"Get the impregnation of saturn made with vinegar, distilled as I have shewn before, or else dissolve so much salt of saturn as a quantity of water is able to receive: write on paper with a new pen dipt in this liquor, take notice of the place where you writ, and let it dry, nothing at all will appear.

"Write upon the invisible writing with the ink made of burnt cork, and let it dry, that which you have writ will appear as if it had been done with common ink.

"Dip a little cotton in the first liquor made of lime and orpin, but the liquor must be first settled and clear; rub the place you writ upon with this cotton and that which appeared will presently disappear, and that which was not seen will appear.

ANOTHER EXPERIMENT.

Take a book four fingers breadth in bigness, or bigger if you will: write on the first leaf with your impregnation of saturn, or else put a paper that you have writ upon between the leaves; turn to t' other side of the Book, and having observed as near as may be the opposite place to your writing, rub the last leaf of the book with cotton dipt in liquor made of quick- lime and orpin, nay and leave the cotton on the place clap a folded paper presently upon it, and shutting the book quickly, strike upon it with your hand four or five good strokes; then turn the book, and clap it into a press for half a quarter of an hour; take it out and open it, you'll find the place appear black, where you had writ with the invisible ink.

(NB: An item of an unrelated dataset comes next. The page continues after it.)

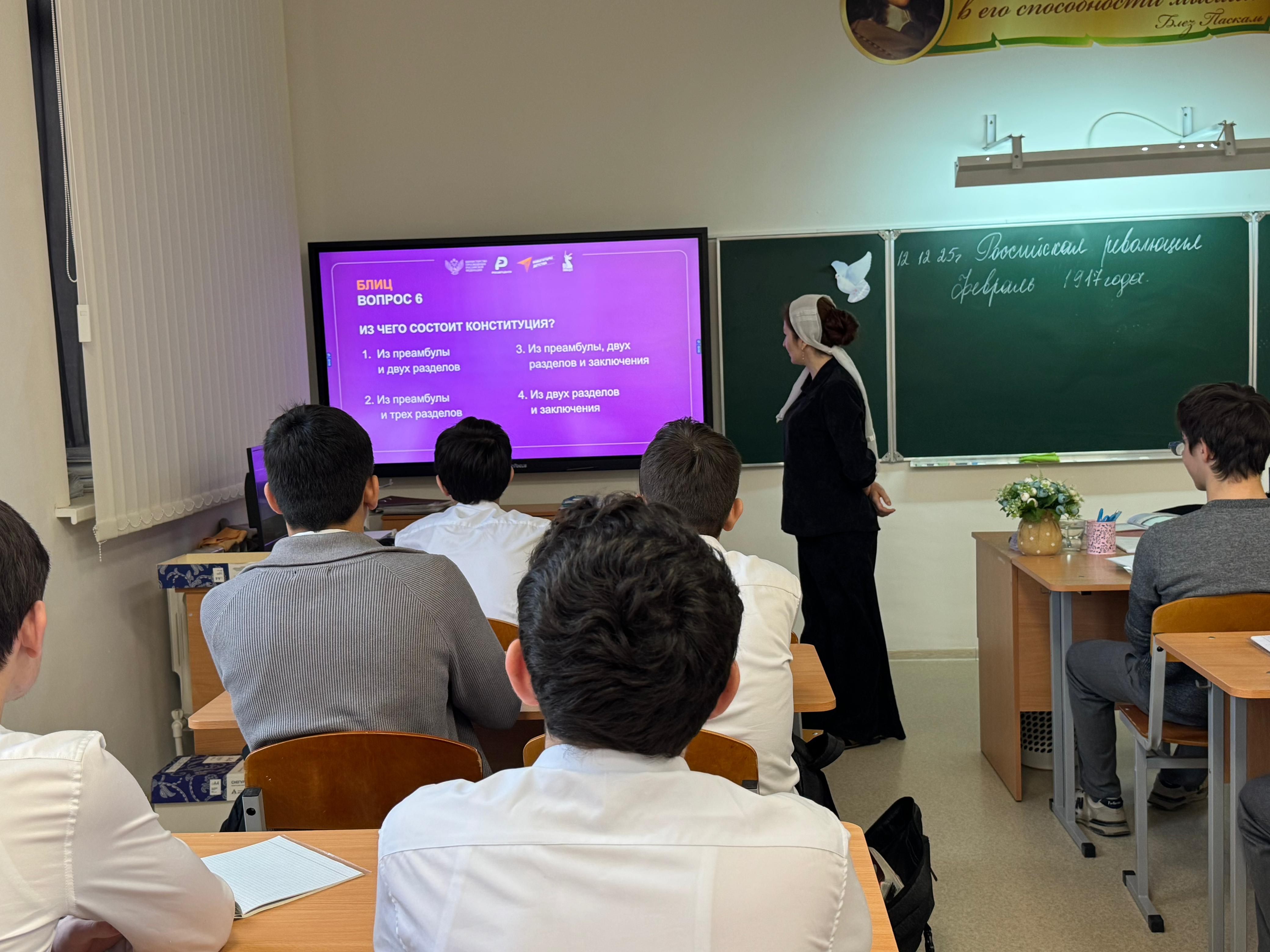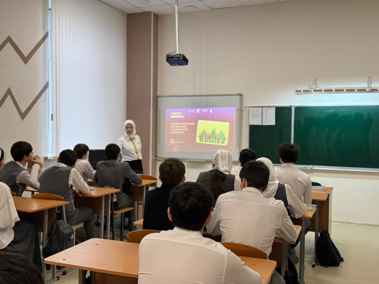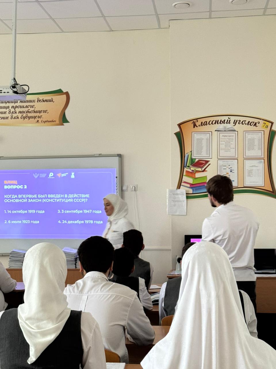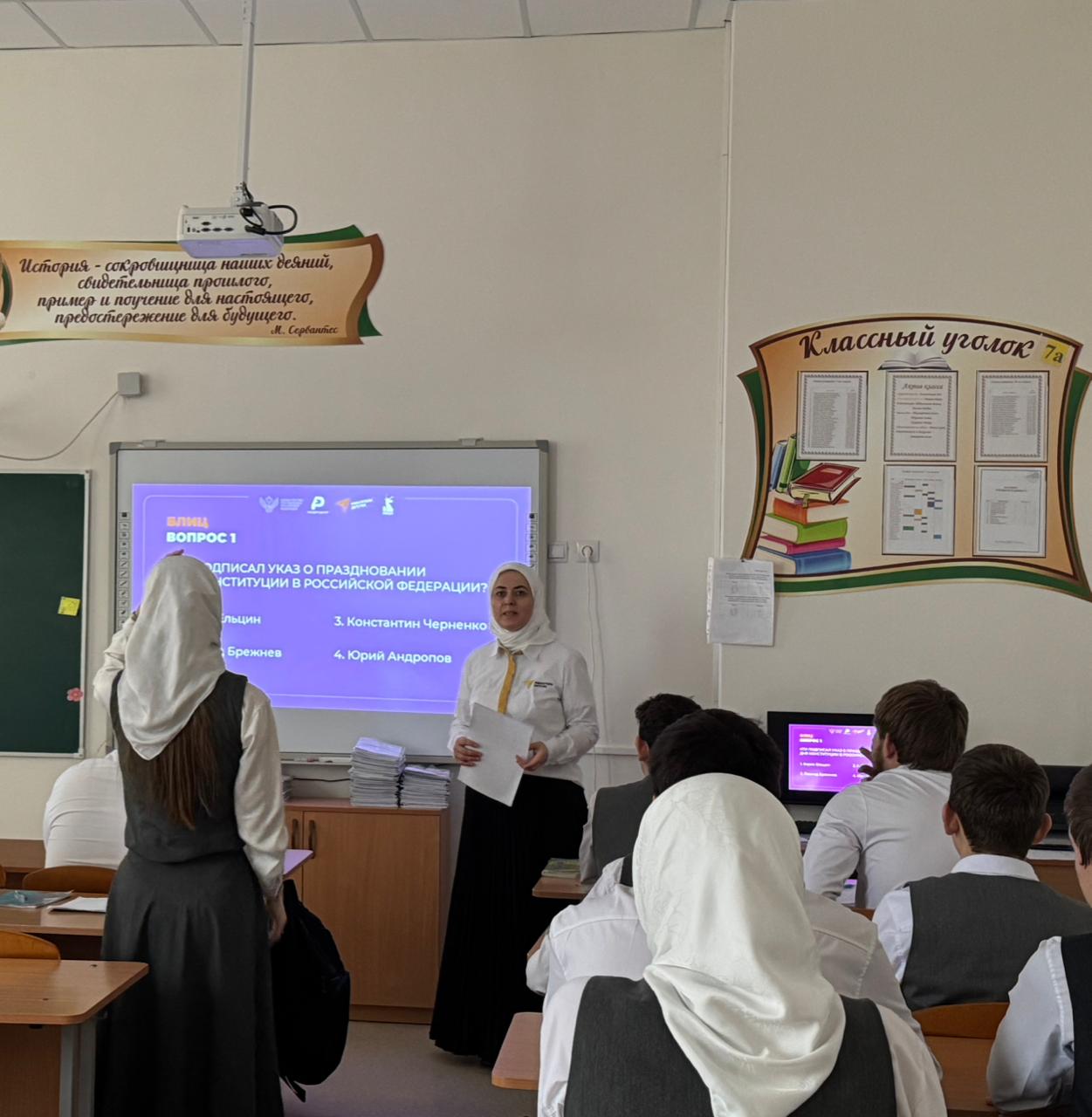 12 декабря Советник директора по воспитанию и взаимодействию с детскими общественными объединениями Эльмурзаева М.И для обучающихся 11 «А» класса провел интеллектуальную игру «Что мы знаем о конституции?», «Квиз конституция» посвященную Дню Конституции.

The same thing might be done through a wall, if you could provide something to lay on both sides, that might hinder the evaporation of the spirits.

REMARKS.

"These operations are indeed of no use, but because they are somewhat surprizing, I hope the curious will not take it ill, that I make this small digression.

"It is a hard matter to explicate well the effects I have now related, nevertheless I shall endeavour to illustrate them a little, without having recourse to sympathy and antipathy, which are general terms, and do not explicate nothing at all; but before I begin, we must remark several things.

"The first is, that it is an essential point to quench the coal of cork in aqua vitae, that the visible ink may become black with it.

"Secondly, that the blackness of this ink does proceed from the fuliginosity or sooty part of the coal of the cork which is exceeding porous and light, and that this fuliginosity is nothing but an oil very much rarefied.